At 12pm on the 12th June 2010, media gathered in a Seminar room in Wits University for a press conference. But this one was different. It didn’t look like the boring stuffy setting journalists have come to expect when they’re invited to attend a press conference. No bland boardroom here! Instead colourful paintings, posters and banners adorned the walls. But more importantly this didn’t sound like a press conference any of the journalists had been to before. Here media was given a fresh critical perspective on what was hitting the headlines from voices seldom heard in the press, from children.
The risks posed to children by abusers or traffickers using social networking sites, Bafana Bafana’s performance in the opening match of the World Cup, along with a few tips for the team, Fifa’s clamp down on counterfeit goods, and how the row over former Eskom CEO Jacob Maroga impacts the lives of children and concerns them. These were just some of the hot topics discussed at the press conference held by Grade 6 and Grade 7 children attending Saxonwold and Naturena Primary Schools.

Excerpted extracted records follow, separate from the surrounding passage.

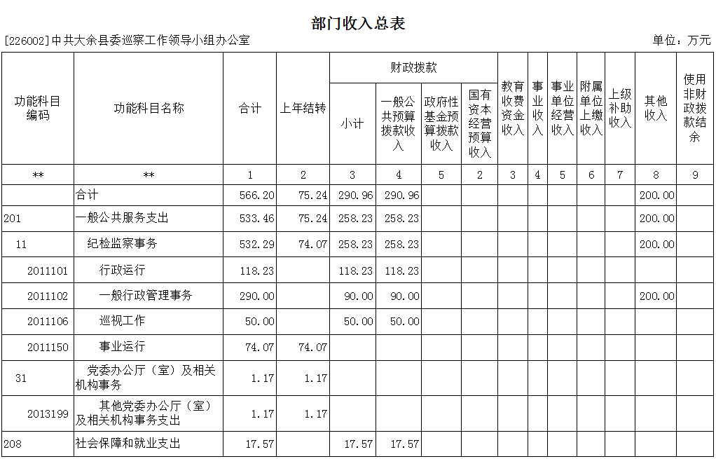 第二部分 中共大余縣委巡察工作領(lǐng)導(dǎo)小組辦公室2022年部門預(yù)算表
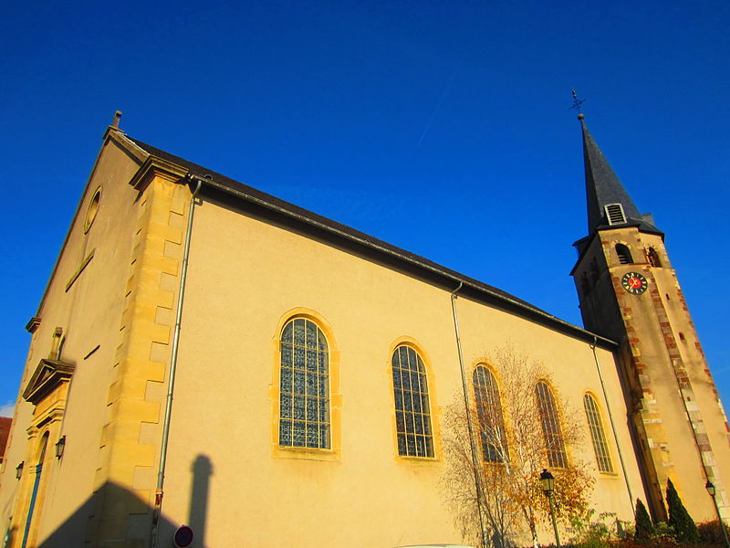La chapelle Saint-Étienne, édifiée à la seconde moitié du XIe siècle ou dans la première moitié du XIIe siècle, a été en grande partie démolie en 1830; seul le chœur et la tour-clocher édifiée au‑dessus ont été conservés. La nef et un nouveau chœur ont été reconstruits en 1831, date portée sur la façade occidentale, d'après les plans de l'architecte Derobe fils de Metz et par l'entrepreneur Jean Hoffmann de Yutz. L'édifice est ensuite devenu l'église paroissiale Saint-Martin, en remplacement de l'ancienne église située au sud‑est du village. Une tribune a été ajoutée en 1857, selon la datation fournie par des travaux historiques. Les fresques ont été réalisées par Jean Engel en 1900.
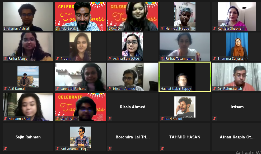 Department of English, AIUB organized a cultural program titled "Celebrate Togetherness” on a virtual platform on 4th April 2021. In the current situation of fear and awe of COVID 19, this dynamic initiative of the Department of English, is really praiseworthy. The faculties and students of the department have long been feeling deprived of satiating their cultural cravings. For a long time, they have been preparing themselves with their innovative cultural ideas and practices to share with each other through a virtual platform like this. In the evening of 4th April, the students and teachers of the department of English, availed themselves of this long awaited opportunity of holding a cultural get-together. Both the faculties and students performed on the occasion.
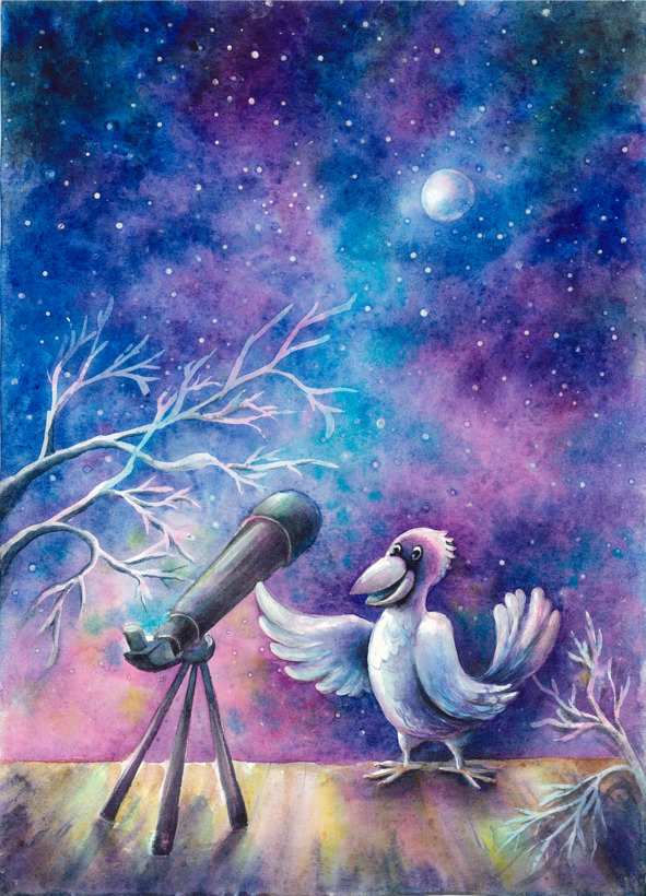 Воронёнок рос, и больше всего на свете ему нравилось сидеть в гнезде и смотреть ночью на звёзды. Иногда он заглядывал в гости к тетушке Сове и рылся в ее огромной библиотеке.
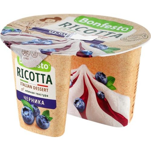 Сыр мягкий BONFESTO Рикотта с наполнителем черника 50%, без змж, 125г в магазинах Лента
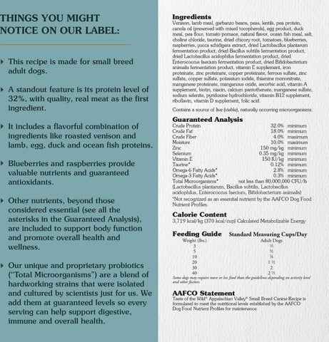 Highly digestible venison and small kibble size make this recipe easy on your small breed dog’s tummy and teeth. Probiotics and prebiotic fiber help support healthy digestion, while roasted venison along with lamb, egg, duck and ocean fish proteins provide recommended amino acid nutrition. Rich in protein and fat, this recipe provides the energy that active small dogs need.
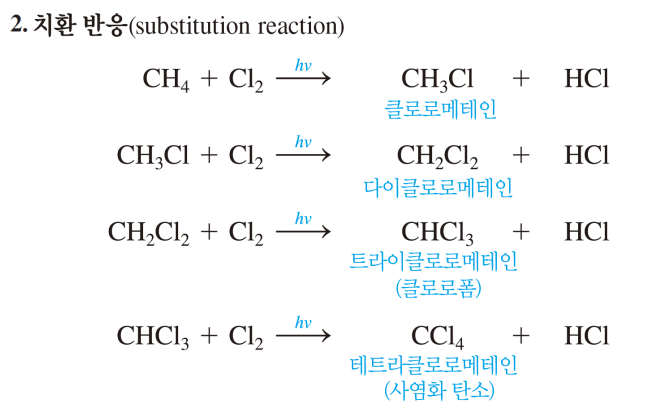 | 포화 탄화수소 -탄소 원자들이 전부 단일결합 |
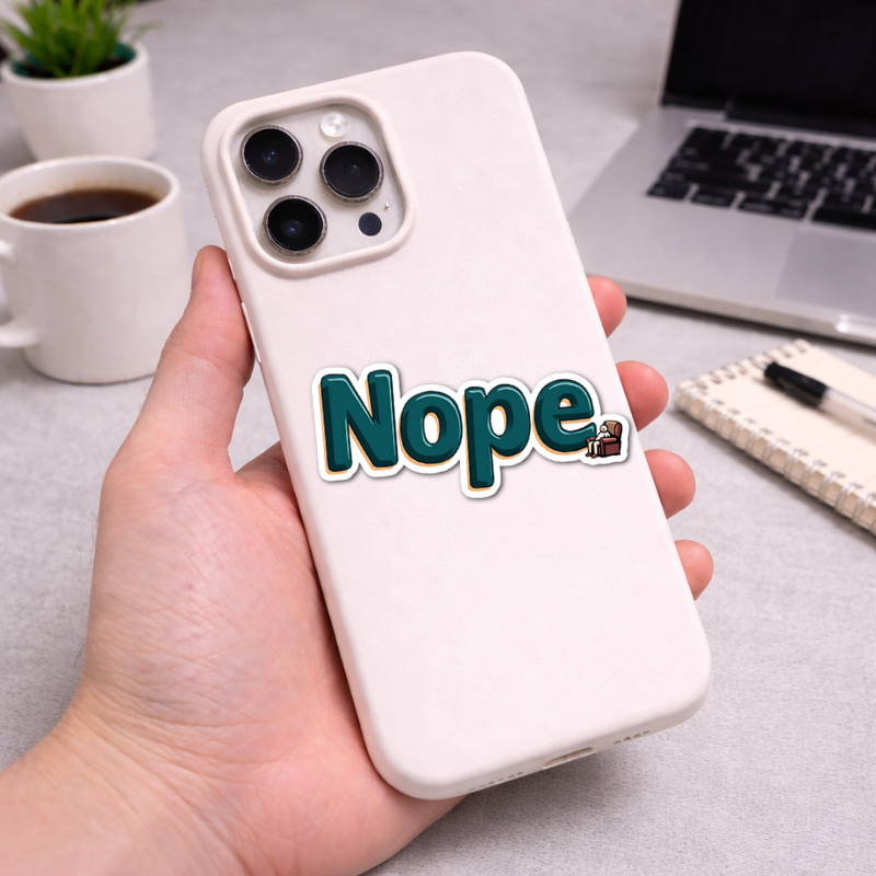 Add a touch of bold personality with our “Nope” die-cut sticker. Designed for those who aren’t afraid to stand out, this high-contrast caution decal is as durable as it is eye-catching. Whether it’s your morning coffee tumbler or your trusty laptop, this sticker sends a clear message in style.

At this event the children were in the driving seat. The only adult intervention by organisers, Media Monitoring Africa (MMA), was to give them four headings: child safety/trafficking, the world cup, children in the media and hot topics. After that it was all down to them. They came up with the theme of the press conference, their call to the media to listen up and play an active role in promoting children’s rights: “Lend a hand, take a stand.” They also selected the issues they wanted to discuss once the cameras started rolling.
Before the conference, many journalists may have presumed that children had no interest in Jacob Maronga’s row with Eskom, and the potential cost of the court action to the State. Not so. As Furqaan Ahmed from Saxonwold Primary school told the press, it was the first issue that he was elected by his group to discuss. His topic was children in the media, his point: no children were accessed anywhere in the reporting of this story. And if any journalist were to argue that it was not an issue that affected children, he had an answer for them too. At the conference he made the point that the money involved should better be spent providing electricity to communities and that the court action risked “pumping money out of our resources, thus creating bad effects for children at home doing homework and at school.”
Under “Hot Topics”, Jead Stehr (Saxonwold Primary) discussed MaNtuli’s alleged infidelity, saying “MaNtuli was a role model to us, well she should be a role model… we felt that she should behave appropriately.” In the almost blanket media coverage of the alleged affair, had the point that some young South African women felt let down by MaNutli’s behaviour even been raised before this?
Child trafficking became a central theme both in the initial stages of the press conference and in the questions that followed. There has been much media coverage of the issue, especially in the run up to the World Cup. But as Khumo Baduza (Saxonwold Primary) observed the World Cup “is not the cause, trafficking did not start in 2010… but people are more aware about it because it is 2010 and there are more people coming into the country.”
Naturena’s Khotso Zihle warned parents to be vigilant about children’s rights, and asked the media to keep a close eye on social networking sites to ensure they’re not used inappropriately by adults to contact children. She also identified how child poverty can make children especially vulnerable to traffickers. “Lets say you live in a poor home or community” Khotso told the press conference, “and they come to you and say “I can give you a good education, a good home, good food”, obviously you will believe them because they can dress well, have nice cars, and you want the good life also.”
The question of what to do if trafficked dominated much of the conference. Child peers in attendance quizzed the panellists about complex issues like documentation. Rather than batting away the question, the panellists were keen to discuss their concerns in relation to it.
Khumo Baduza for example believed that if a child is trafficked to a foreign country “[they] can report it, with or without documents, because [they] were taken their illegally. She told her peers “you can go to the police and tell them I was trafficked to this place… and they can contact your parents and contact your country and say we have found this child”
However Khotso Zihle felt that “if you are a child it is much easier to go to the police. If you are an adult it is much more difficult, because that particular country will expect you to have the right documentation” and as a result that person “may be arrested because they are actually illegal immigrants”.
This press conference wasn’t just a quirky experiment. It was proof that children can offer a rarely accessed fresh critical perspective on a whole range of complex topics. It silenced the argument that children don’t have anything interesting to say. It also demonstrated that accessing children is worth the effort. Including children in media coverage is not easy. Children are afforded special legal protections for good reason. Obtaining prior parental consent for example means we can’t just walk up to a child on the street and ask them what they think. But the easy option is rarely the best one, and going the extra mile to access children will lead to richer and more representative reporting.